- Directed by: Marc Fusco
- Written by: Marc Fusco; Chris Neighbors; Steven Mark;
- Produced by: Jeff Deverett; Steven Mark; Jane Hare; Rebecca Reyes;
- Starring: Hal Linden; Ryan Ochoa; Mateo Arias; Michael B. Silver; Ken Davitian; Liza Lapira; Catherine Siggins;
- Cinematography: Stephen Sheridan
- Edited by: Marc Fusco
- Music by: Joey Newman
- Distributed by: in8 Releasing
- Release date: September 28, 2018;
- Running time: 92 minutes
- Country: United States
- Language: English

= The Samuel Project =

2018 American film by Marc Fusco

The Samuel Project is a 2018 family comedy drama film directed by Marc Fusco and written by Fusco, Chris Neighbors and Steven Mark. The film stars Hal Linden, Ryan Ochoa and was shot in San Diego, California.

==Plot==
A high school teen reconnects with his Jewish grandfather and creates art based on his experience in The Holocaust.

==Cast==
- Hal Linden
- Ryan Ochoa as Eli Bergman
- Mateo Arias
- Michael B. Silver
- Ken Davitian
- Liza Lapira
- Catherine Siggins

==Production==
=== Development ===
In an interview with AARP, Linden talks about distancing the film from Schindler's List. He states “so the movie became less of a Holocaust picture and more about a boy pursuing his dream of being an artist. [...] The Samuel Project is about three generations that don’t communicate much — it isn’t until art tells the story that you get communication.”

=== Casting ===
Fusco cast Linden, Lapira and Bowgen during the time they were performing in Steve Martin's Picasso at the Lapin Agile at San Diego's Old Globe Theater.

=== Filming ===
Principal photography took place in March and April 2017 in San Diego. "Action traveled to the streets of Hillcrest, a pawn shop on University Avenue, the Chuck Jones Gallery in the Gaslamp, Balboa Park, a La Jolla estate masquerading as a Newport Beach mansion, a farm in Ramona, Shelter Island Cleaners, and more."

==Themes==
Dave McNary of Variety said "Through art, the film explores how Jewish immigrants struggled to find new homes in the U.S. following World War II and explores themes of the universal struggle for acceptance and opportunity with direct relevance to today’s headlines."

==Release==
The Samuel Project had a limited release on September 28, 2018, and expanded to nationwide on October 5, 2018. The film opened to 25 markets and was distributed by in8 Releasing and selected by AMC Independent.

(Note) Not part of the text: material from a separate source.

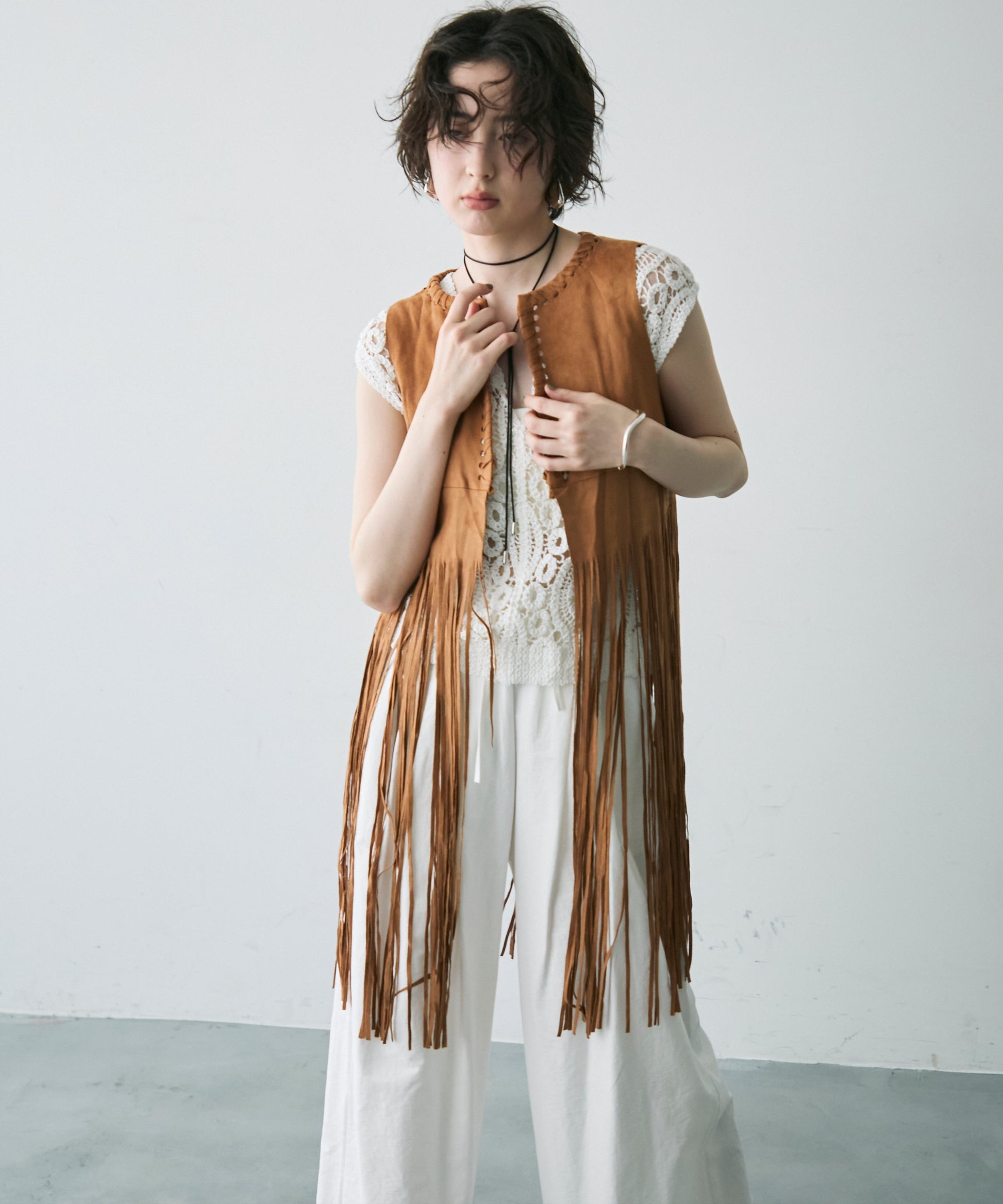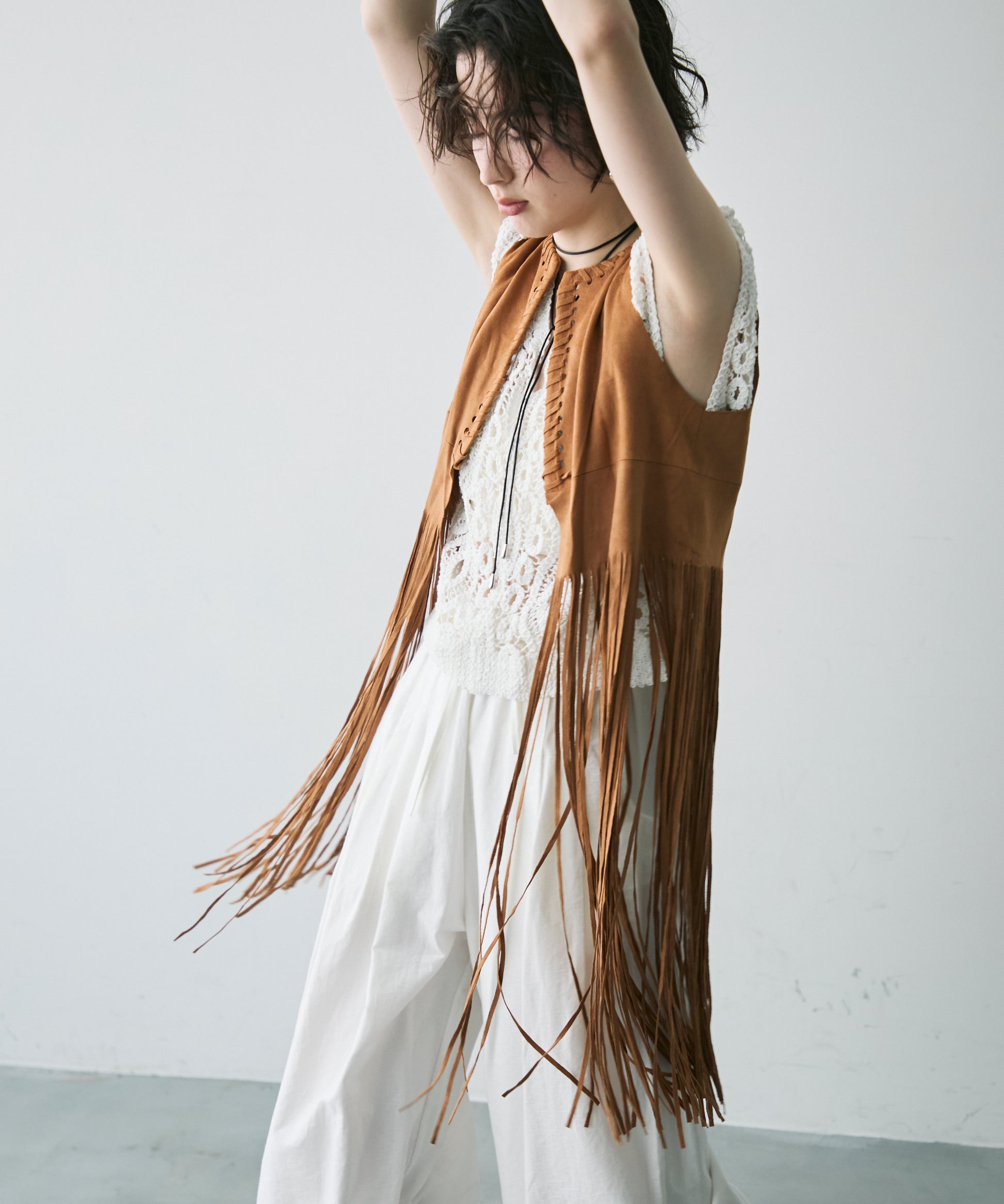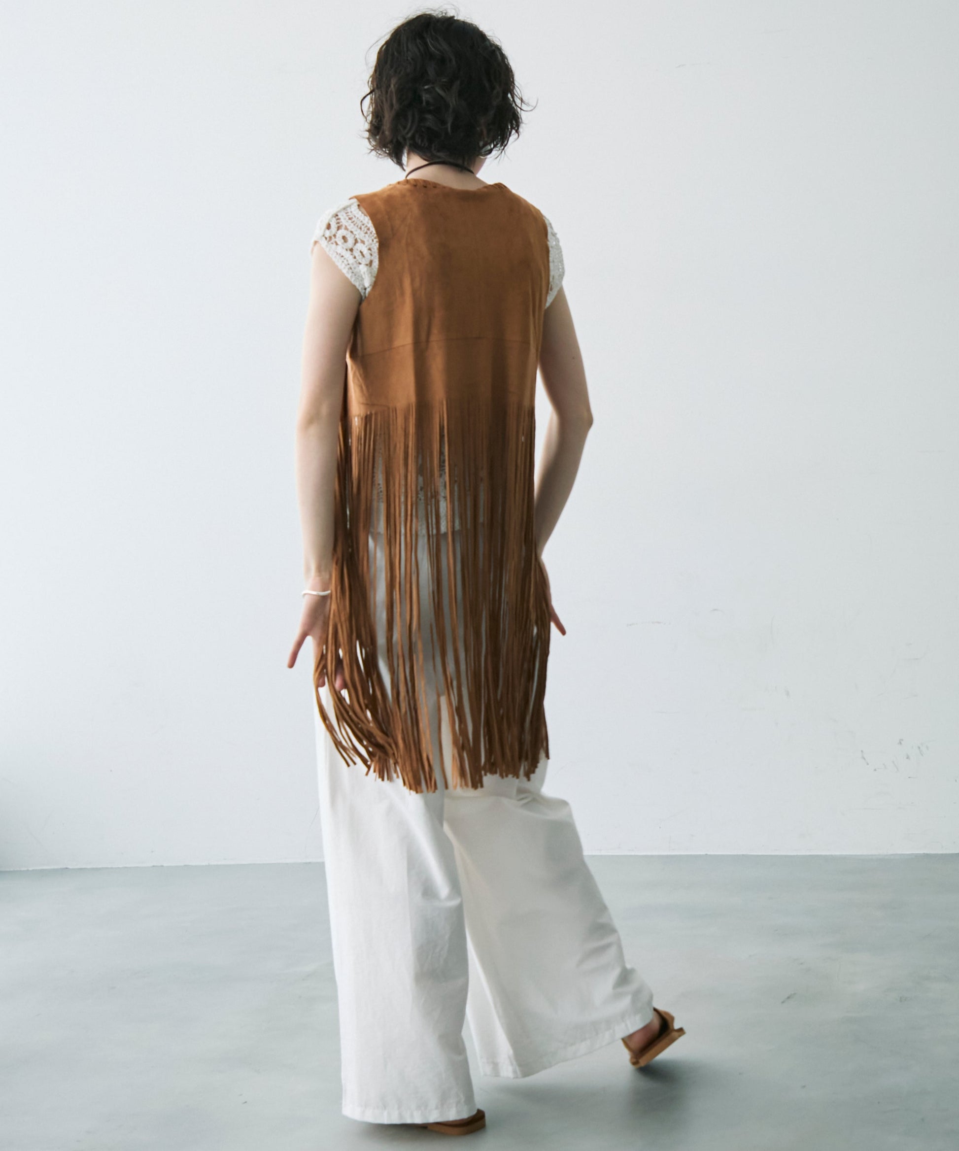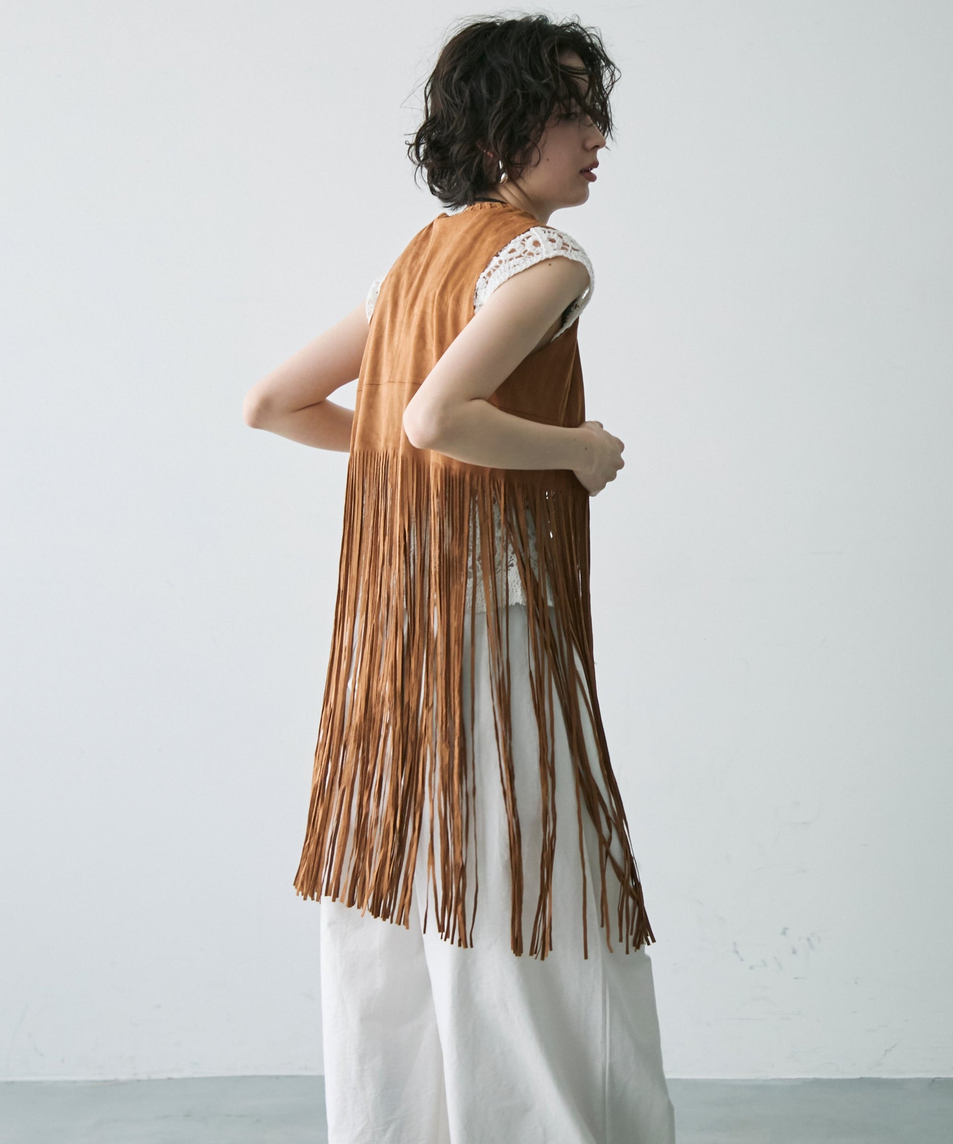 ロングフリンジがたっぷりのスエード調のフリンジジレ。

Fusco said "Audiences are hungry for independent, character-driven films like ours which are a refreshing alternative to the big blockbuster franchises."

==Reception==
=== Critical response ===
Kimber Myers of the Los Angeles Times said "Despite its flaws, The Samuel Project is likely to make an impact on open-hearted audiences, with extra credit due Linden for an authentic performance in line with the actor's body of work." Tim Appelo of AARP scored it 3 out of 5 and said "It could use more of grandpa's drama and less teen dramedy, but it's heartwarming." John Delia of Aced Magazine called it "a very good inspirational film" scoring it 4 out of 5 stars.

=== Accolades ===
The family-friendly film won three San Diego Film Awards, Best Narrative Feature, Best Actor for Hal Linden and Best Director for Marc Fusco. Ryan Ochoa was also nominated for Best Actor.